Melodi simfoni kemahsyuran Gending Sriwijaya ini membuat tiap orang yang mendengarnya pasti akan setuju kalau musik dan tarian yang dibawakan oleh para gadis cantik ini luar biasa. Apalagi kostum yang dikenakan untuk menari pun sangatlah mencolok dengan warna merah yang mewah. Pernah melihat kemegahan songket Palembang? Produk lokal ini termasuk barang koleksi oleh para istri Presiden Indonesia. Yuk kenali dulu apa itu songket Palembang!

http://www.youtube.com/watch?v=rhWyo3IvxU4

Sumatera Selatan, daerah yang dikenal dengan sebutan “Bumi Sriwijaya” dan masyarakatnya termasuk saya yang akrab disapa “Wong Kito Galo” ini punya rekam jejak peninggalan Sriwijaya, salah satunya kain tenun Songket. Walau hampir seluruh daerah Indonesia memiliki ketrampilan menenun, tapi tenun Songket Palembang ini memiliki motif dan arti tersendiri. Tidak ada yang bisa melepaskan kain songket dari kebudayaan Nusantara.

Menurut cerita orang lama Palembang, awal munculnya kain songket pada masa Kerajaan Sriwijaya abad ke-7 hingga abad ke-13. Tradisi tenun secara turun temurun dari para pedagang Tiongkok yang membawa benang sutra, sedangkan pedagang India serta Timur Tengah yang membawa benang emas. Oleh karena perkembangan dan dipengaruhi tradisi yang dibawa para pedagang saat singgah, maka terciptalah pola tenun Songket buah ketekunan dan kreatifitas masyarakat saat itu. Pola-pola rumit yang diciptakan oleh para penenun ini juga menginspirasi rumpun melayu lain seperti Malaysia dan Brunei. Namun, berbeda dengan songket Indonesia apalagi Palembang karena lebih mengarah ke warna merah, emas dan perak.
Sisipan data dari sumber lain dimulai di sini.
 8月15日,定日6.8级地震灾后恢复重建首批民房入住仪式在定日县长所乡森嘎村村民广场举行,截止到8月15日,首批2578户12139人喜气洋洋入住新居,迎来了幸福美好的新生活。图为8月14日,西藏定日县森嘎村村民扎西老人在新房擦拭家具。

Sumber yang saya dapat, masa itu benang dan bahan yang digunakan berkaitan dengan alam sekitar. Pewarnaan pun masih menggunakan bahan-bahan alami dari sumber kekayaan alam sekitar. Benang-benang yang digunakan berasal langsung dari pedagang Tiongkok dan India yang akhirnya memberi dampak kekayaan jenis-jenis motif kain tenun Songket yang ada sampai saat ini.

Desa yang Ikut Melestarikan Songket, Desa Muara Penimbung

Warga Desa Muara Penimbung melakukan aktifitas tenun Songket
Warga Desa Muara Penimbung melakukan aktifitas tenun Songket

Pencarian informasi saya mengenai songket mengarah ke Desa Muara Penimbung, desa yang berada di Kecamatan Indralaya, atau tepatnya Ogan Ilir ini merupakan salah satu desa yang melestarikan tenun songket dari generasi ke generasi hingga saat ini. Jika kita dari Bandara Sultan Mahmud Badaruddin 2 Palembang sekitar 35 km atau 1,5 jam untuk mencapai desa yang memiliki sekitar 38 rumah yang menjual kain songket hasil tenunan sendiri.
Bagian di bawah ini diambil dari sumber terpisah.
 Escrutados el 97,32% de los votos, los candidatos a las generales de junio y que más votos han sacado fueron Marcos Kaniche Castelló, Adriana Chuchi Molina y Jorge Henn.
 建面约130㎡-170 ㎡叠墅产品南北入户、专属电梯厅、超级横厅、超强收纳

Para pengrajin tenun di desa Muara Penimbung ini telah diajarkan menenun sejak usia dini hingga sekarang. Pada dasarnya para pengrajin tersebut bisa menenun oleh dari ilmu orang-orang terdekat. Dari keluarga di rumah yang merupakan keluarga pengrajin itu sendiri. Biasanya saling berbagi ilmu tentang hal-hal yang terkait menenun, seperti motif-motif. Namun ada pula yang bisa menenun kain songket ini dengan belajar pada orang selain keluarga namun biasanya memang orang yang lebih tua.
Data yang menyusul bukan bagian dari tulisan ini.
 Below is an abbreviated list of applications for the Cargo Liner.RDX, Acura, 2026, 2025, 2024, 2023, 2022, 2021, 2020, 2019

Motif Songket Perlu Dipatenkan

Semakin rumit dan rapat motif Songket, harga jual semakin tinggi

Hal lain yang dilestarikan dari songket selain kainnya yaitu motif dari songket. Agar tidak serta merta dicatut oleh bangsa lain yang nantinya akan digunakan sebagai budaya mereka. Saat ini songket memiliki motif yang unik dan proses pembuatan rumit. Motif hias songket biasanya berbentuk geometris atau mayoritas berbentuk flora dan fauna seperti bunga cengkeh, bunga tanjung, bunga melati. Motif-motif tersebut dari dulu diwariskan turun temurun. Polanya tidak berubah, karena cara membuat motif hanya dilakukan oleh orang-orang tertentu.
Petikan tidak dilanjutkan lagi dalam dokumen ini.